It's windy, dry, and hot in a way that Tarn doesn't remember from the last time they came to this world to track down a target. Standing in overwatch on a rooftop a couple blocks from the heart of the action, he waits patiently for the last part of their plan to fall into place. It shouldn't be long – any minute now, he expects, he'll get the call from Vos and they'll be ready to spring the trap.
It's taken them all morning to set this up, but it'll be worth it if – no, when – they manage to pull it off. They've been on this particular list member’s tail for unacceptably long – long enough that Tarn’s been asked about it, twice, and not in a nice way – and, as such, Tarn made it crystal clear to everyone before they set out today: failure is not an option this time, and there will be repercussions for anyone who makes things more difficult for the team.

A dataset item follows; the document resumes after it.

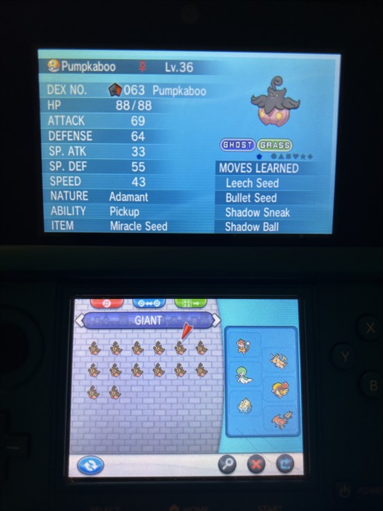 In the game Pokemon X/Y there is a Pokemon named Pumpkaboo. It's a haunted jack-o-lantern/bat creature and it comes in a variety of sizes: small, medium, large and giant. Every time you encounter a Pumpkaboo there is a 1% chance it's giant. It looks like kid Nick liked giant pumpkins too because I caught 14 of them for some reason.

So far, fortunately for them, it doesn't look like Tarn will have to come down on anyone after this. Everyone's done their part and everything's in place; the only thing remaining is Vos' piece – a nasty, pivotal little infiltration and demolitions job that he was quick to put his hand up for. It's the sort of thing that's well within his wheelhouse and that Tarn would have expected him to volunteer for, but...
Sometimes...
Sometimes.
Optics narrowed, tension mounting rapidly, Tarn stares at the building, blocks away, that he knows Vos is in right now and wishes with all of his being that he could see through walls. Logically, he knows Vos is already in there, and that chances are he's doing his job – quickly, efficiently, and with precision. Exactly the way Tarn wants it done.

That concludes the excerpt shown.